Exercise input ::
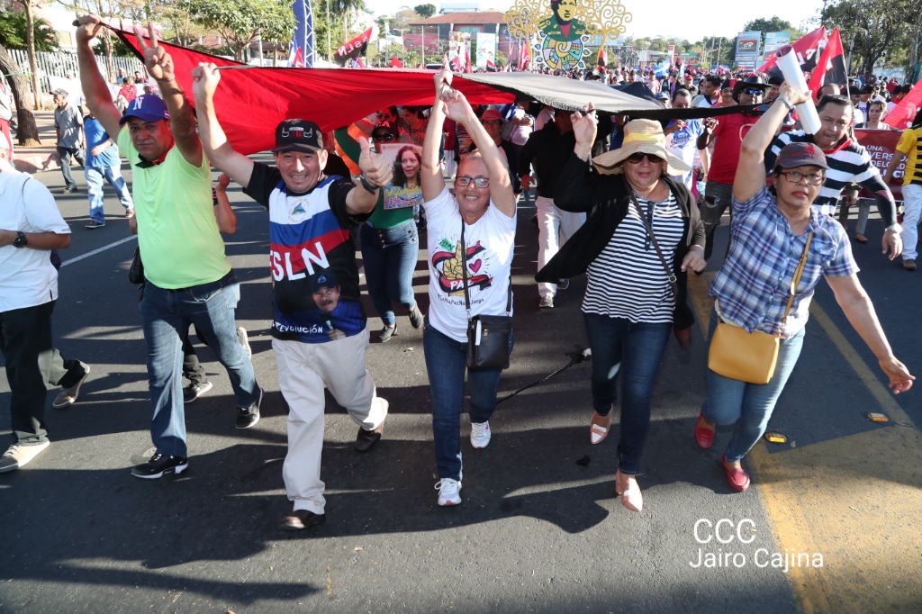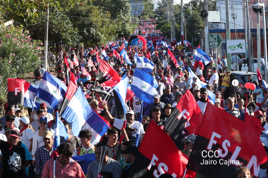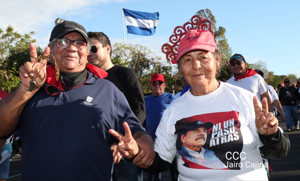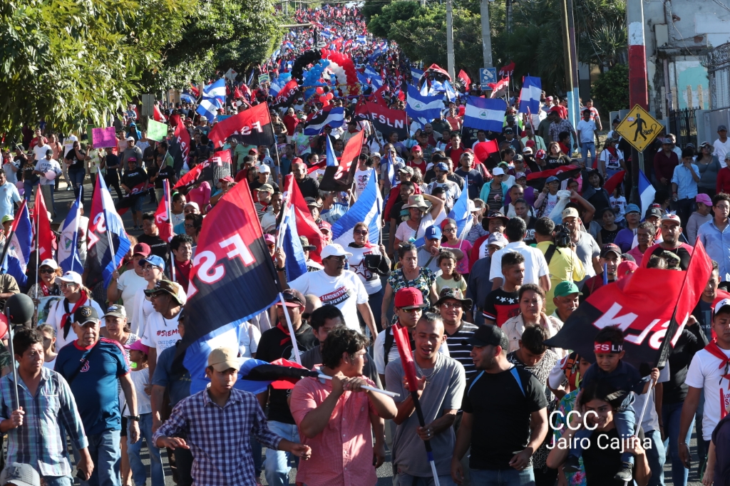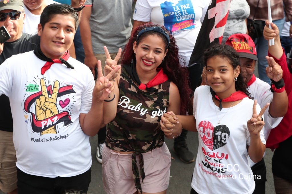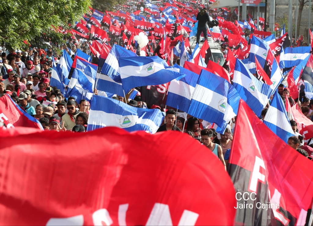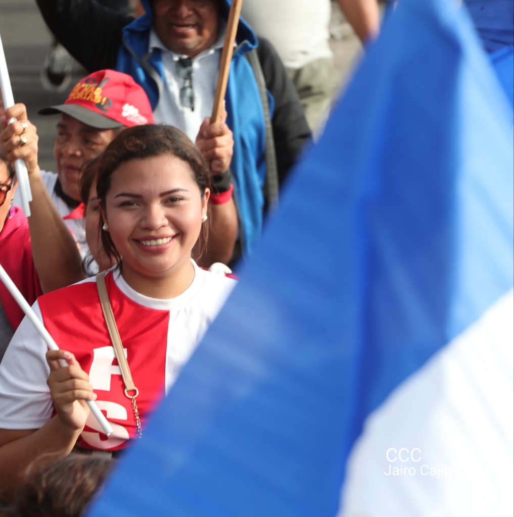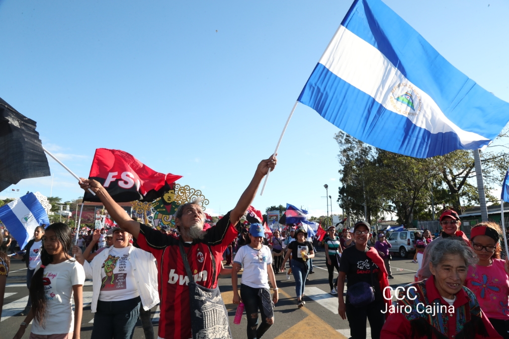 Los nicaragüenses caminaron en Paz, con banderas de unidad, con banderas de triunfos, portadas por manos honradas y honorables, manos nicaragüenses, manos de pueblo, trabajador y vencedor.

...

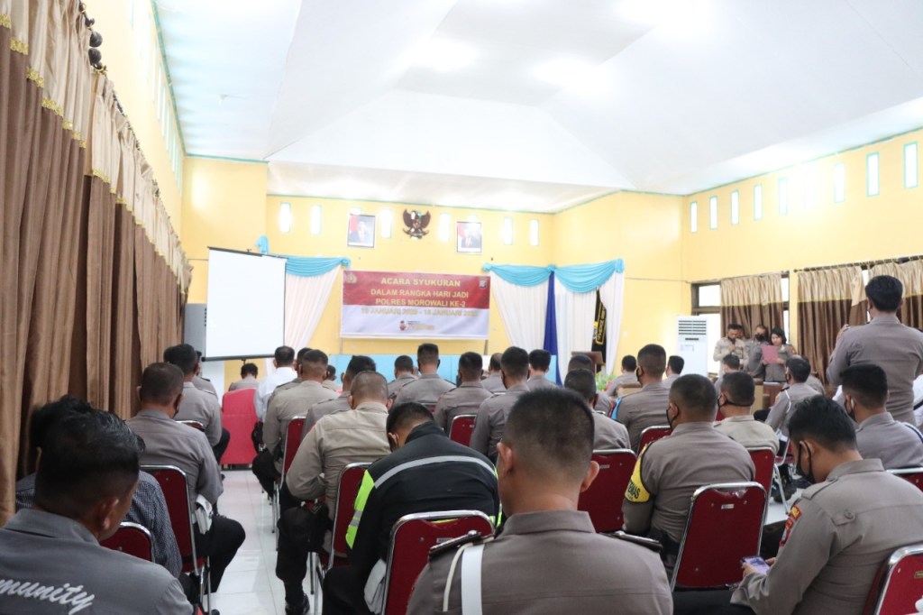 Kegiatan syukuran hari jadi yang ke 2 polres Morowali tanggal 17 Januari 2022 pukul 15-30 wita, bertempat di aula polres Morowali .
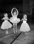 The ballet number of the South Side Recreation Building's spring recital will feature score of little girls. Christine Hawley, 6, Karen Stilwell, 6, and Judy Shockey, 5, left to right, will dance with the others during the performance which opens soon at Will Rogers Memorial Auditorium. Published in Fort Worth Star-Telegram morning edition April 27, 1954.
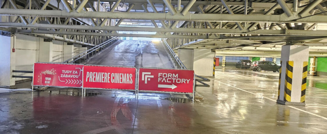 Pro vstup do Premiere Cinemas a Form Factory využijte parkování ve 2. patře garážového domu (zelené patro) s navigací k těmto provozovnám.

Task description ::
Within the listing above, print exactly the stretch beginning at the line that contains "The ballet number" and finishing at the line that contains "Pro vstup do", ends kept, pictures left out, and nothing more.

Exercise result ::
 The ballet number of the South Side Recreation Building's spring recital will feature score of little girls. Christine Hawley, 6, Karen Stilwell, 6, and Judy Shockey, 5, left to right, will dance with the others during the performance which opens soon at Will Rogers Memorial Auditorium. Published in Fort Worth Star-Telegram morning edition April 27, 1954.
 Pro vstup do Premiere Cinemas a Form Factory využijte parkování ve 2. patře garážového domu (zelené patro) s navigací k těmto provozovnám.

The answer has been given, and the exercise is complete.